The Working Waterfront

Sifting DNA from ocean holds promise

New technology helps predict populations, threats

By David Emerson
Posted 2024-06-06
Last Modified 2024-06-06

Mariners may claim the ocean is in their DNA, but it’s also literally true that the ocean is full of DNA. All ocean life—indeed, all aquatic life—sheds DNA into the water. The goal of the Maine eDNA project is to read the DNA that’s in the water to understand what it can tell us about what’s going on beneath the waves.

To refresh high school biology, DNA stands for deoxyribonucleic acid, the molecule made up of four bases, A, G, C, and T for short. Different combinations of these four bases form the living blueprint that defines us all, from the tiniest microbe to the largest whale.

While the DNA molecule is shared by all species, it is differences in the arrangement of the four letters that help define one species from another, and small mutations in DNA can even distinguish one individual from another.

Tracking larva can tell you the current status of the fishery, and what future years might look like.

Thanks to years of work in DNA science, we have a variety of ways to quickly read millions of DNA sequences with great accuracy, or probe for species specific sequences in a complex DNA soup.

Collecting eDNA is its own kind of fishing expedition. We take samples of water from different depths, usually around a quart (a liter for metric buffs) and pass it through a very fine filter that catches all the particles including cells or parts of cells that may contain DNA. A chemical DNA extraction kit is used to capture only the DNA molecules from the filter.

With DNA in hand, there are a couple of choices. You can use a “general primer” to make millions of copies of everything thing that’s there and then DNA sequence the lot to see who’s who, or you can use a “species specific primer” and make copies of only a single species.

In this latter case, the actual number of DNA copies you get back provides an estimate as to species abundance. Of course, I am glossing over a ton of details, and no shortage of devils that lie therein. As scientists we delight in outwitting the devils, even though some of them keep us up at night.

There are lots of applications for eDNA. A primary objective of the Maine eDNA project is to test the science behind these applications to find out what works and what doesn’t.

This project, funded the National Science Foundation, is a collaboration between the University of Maine and Bigelow Laboratory, and a host of other institutions around the state. Much of the money goes to support a new generation of scientists, graduate students, and undergrads who are testing these eDNA applications. Our ambition is to make Maine a research hotbed for eDNA, and for Maine to become the “eDNA coast.”
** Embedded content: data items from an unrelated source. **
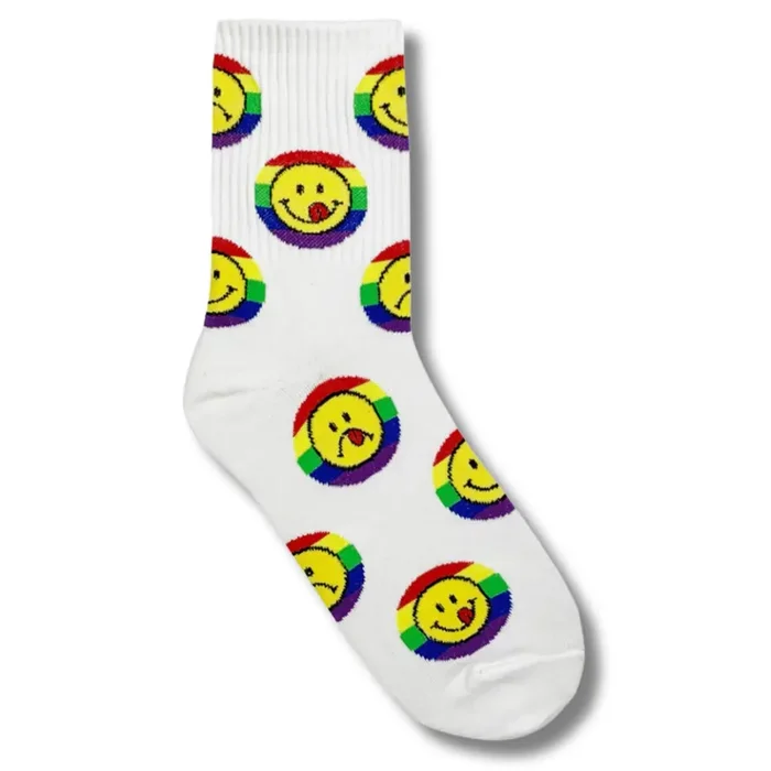 Smile Rainbow Women‘s Crew Socks in White 80s Pride LGBTQ [Size 5-10]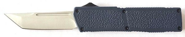 Lightning Black D/A OTF Automatic Knife Satin Tanto. Dual Action 440 stainless steel 3.25 inch blade with a pocket clip on the side of the handle. 8 inches overall length with strong spring action. This knife is made in taiwan.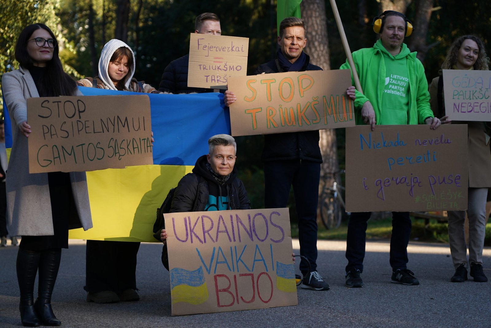 Prieš prasidedant fejerverkų festivaliui proteste buvo galima sutikti ir nuo karo nukentėjusių Ukrainos piliečių. Lietuvoje apsistojusi ukrainietė Valeriia pasakojo, kaip vieną pirmųjų naktų Lietuvoje ją pažadino fejerverkai. Moteris išsigando, nes manė, kad tai priešlėktuvinės gynybos raketos.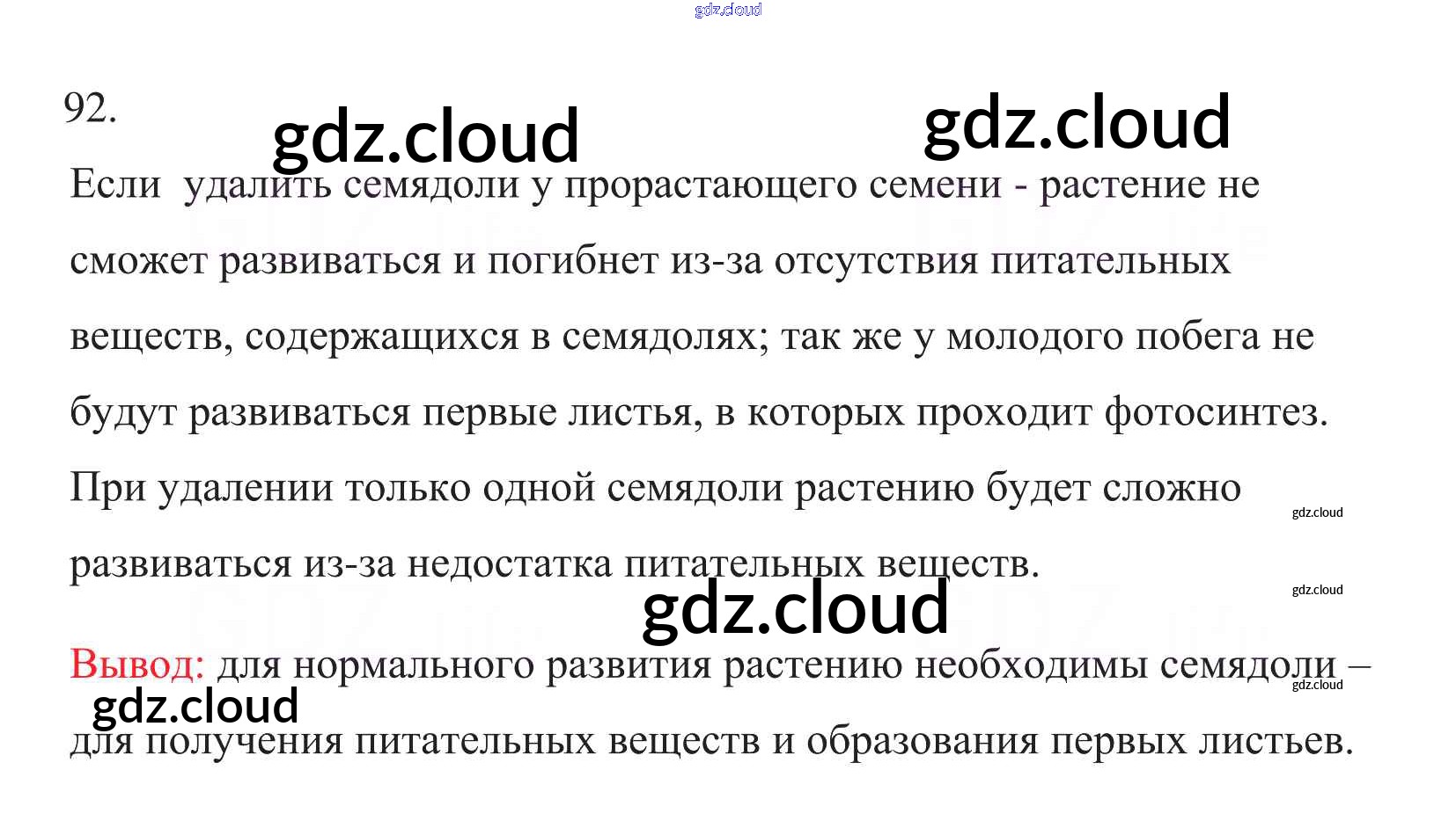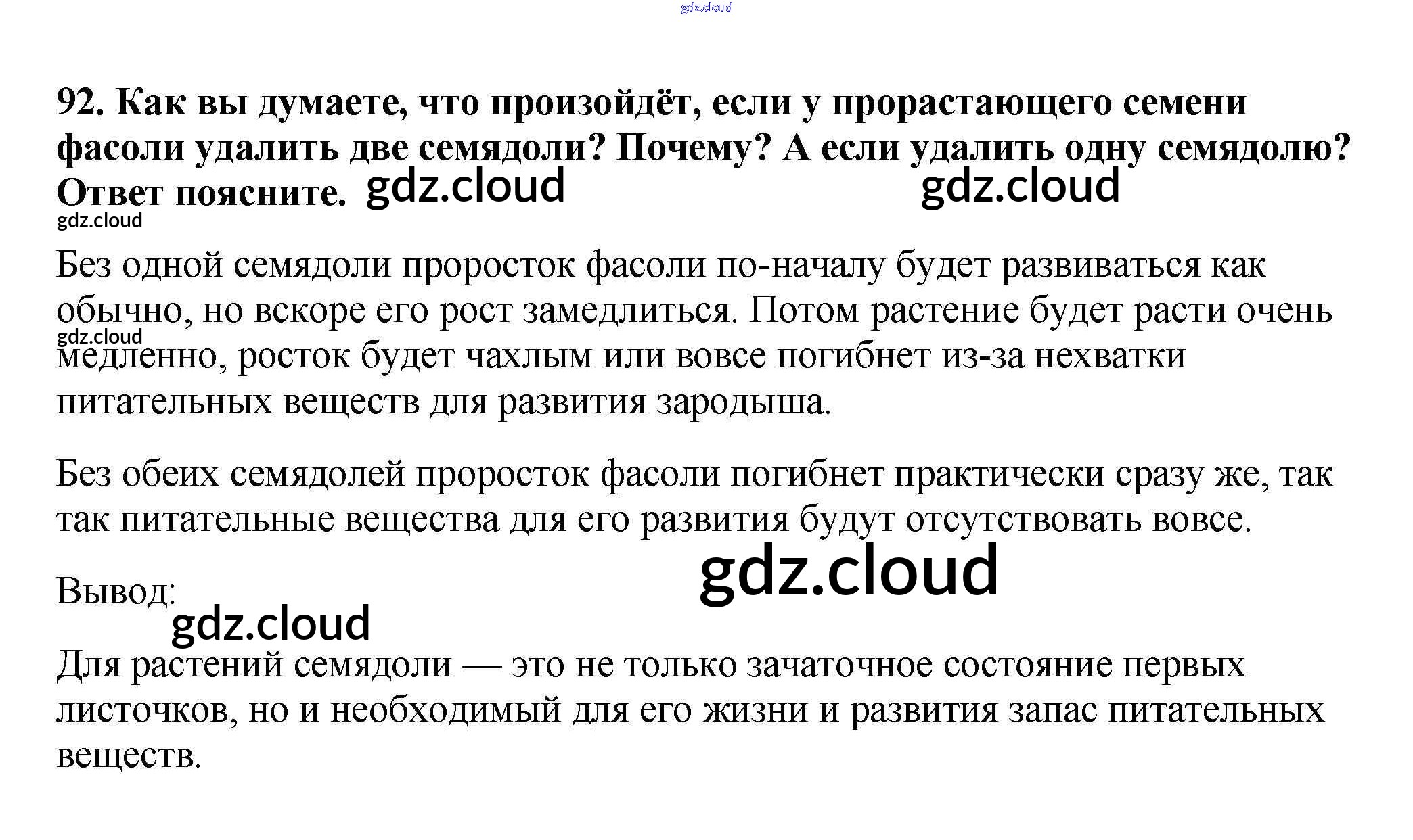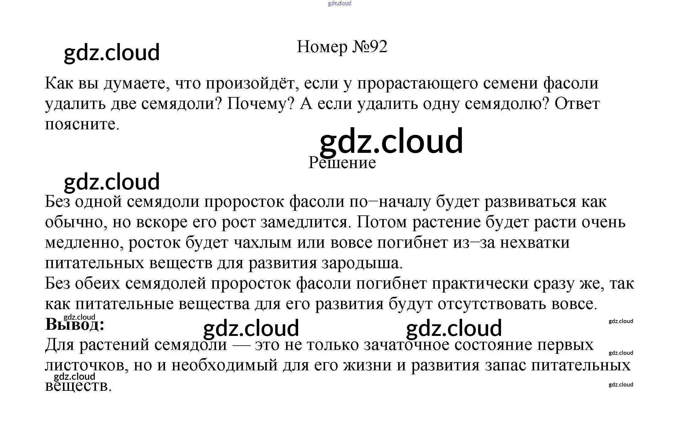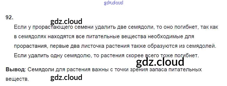 Ответ на задание 92 Рабочая тетрадь Биология за 6 (шестой) класс Пасечник УМК 2017

Detecting larval DNA is an interesting area we are exploring, especially if you can tell a larva from an adult based only on its genetic signature. This is important for scallops or mussels, since tracking larva can tell you the current status of the fishery, and what future years might look like.
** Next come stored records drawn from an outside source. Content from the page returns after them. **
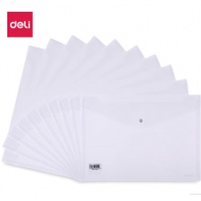 得力(deli)8308 A4 透明按扣文件袋白色 10只装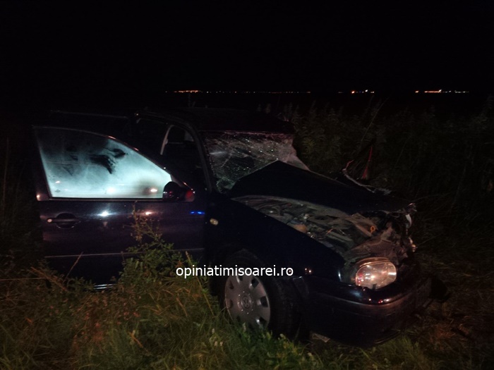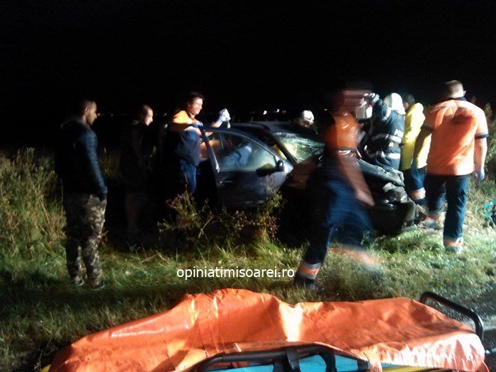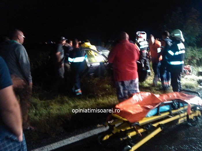 Femeia a fost scoasa de pompieri din masina si transportata de urgenta la spital in Timisoara, in stare grava. Echipele de interventie s-au chinuit sa salveze si cainele din autoturismul zdrobit, insa nu au reusit.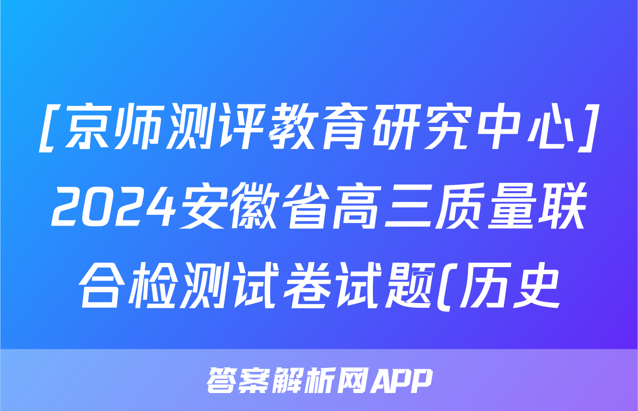 [京师测评教育研究中心]2024安徽省高三质量联合检测试卷试题(历史)正在持续更新,目前2024-2025英语周报答案网为大家整理了相关试题及答案,供大家查缺补漏,高效提升成绩。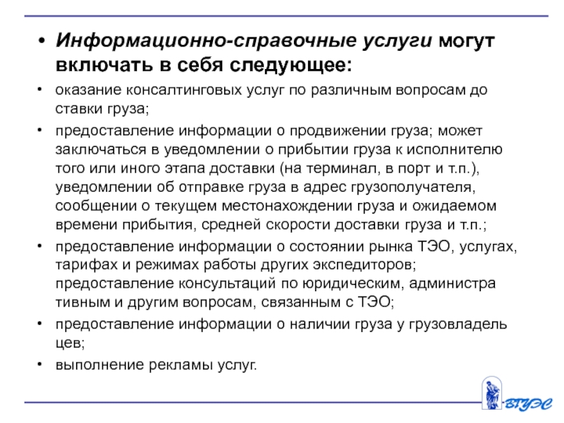 предоставление информации о состоянии рынка ТЭО, услугах, тарифах и режимах работы других экспедиторов; предоставление консультаций по юридическим, административным и другим вопросам, связанным с ТЭО;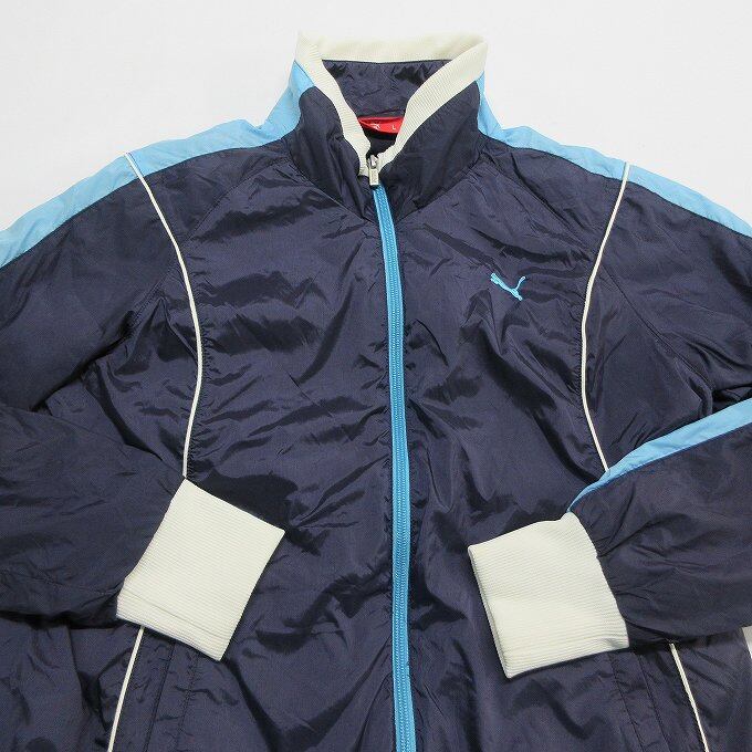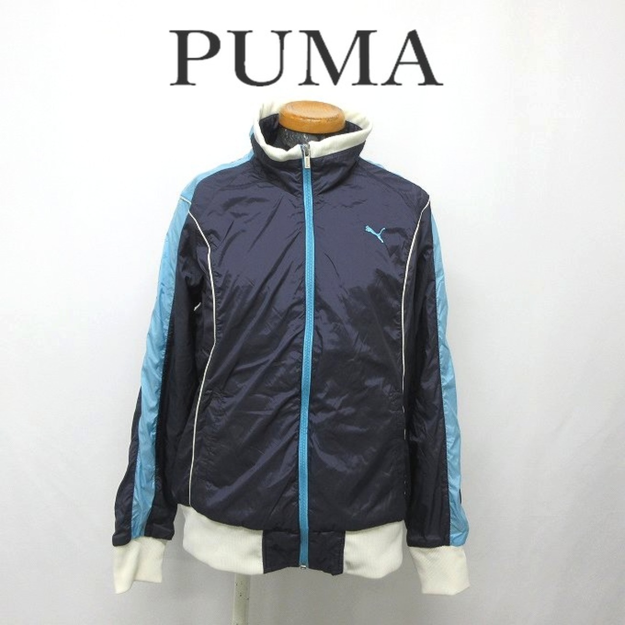人気の■PUMA プーマ トレーナー フルジップ ナイロンジャケット ジップパーカー L レディース 裏起毛 ネイビー スタジャン スポーツ[BY2582です。

Another project is focusing on kelp beds and how they are responding to the rapidly warming waters of the Gulf of Maine.

Researchers are finding many more species of fish associated with kelp forests using eDNA than are observed visually. This raises questions about whether these species are transient or using kelp as an important habitat.

As the seawater temperature warms, kelp forests in Southern Maine are giving way to other types of algae, so this raises the question about how these fish communities may respond.

A couple of graduate students are testing eDNA fish detection alongside the traditional trawl or accoustic surveys that the Department of Marine Resources uses to assess fish stocks. The goals aren’t so much to replace these traditional methods as to show that eDNA can deliver similar results and at cheaper cost. This could ultimately allow much more data to be collected for the same effort and improve the accuracy of fisheries surveys in predicting the impacts of fishing pressure on different species.

Someday it may be possible for commercial or recreational fishers themselves to conduct eDNA-based fish surveys using handheld devices, or even simple colormetric tests similar to the ubiquitous COVID tests.

Using eDNA for conservation and environmental monitoring is being widely adopted across the U.S. and around the world. Federal agencies like NOAA, EPA, and the U.S. Fish and Wildlife Service are instituting eDNA tools in their various monitoring programs. In Maine, eDNA researchers are working with the DMR, the Department of Environmental Protection, and other state agencies. These agencies may adopt eDNA methods as standard practice.

In addition to government agencies, Maine eDNA researchers are working with lake associations, non-profits, and towns to help them track harmful algal blooms. We also are working with aquaculturists to help them monitor for possible pathogens, as well as predict locations that might be best for siting growing sites to reduce environmental impacts and maximize recruitment of natural setting species.

We are now in the last year of the NSF-funded project, but we are confident we are building capacity to keep Maine at the forefront of eDNA research and applications for years to come.

David Emerson is a senior research scientist at Bigelow Laboratory for Ocean Sciences in East Boothbay.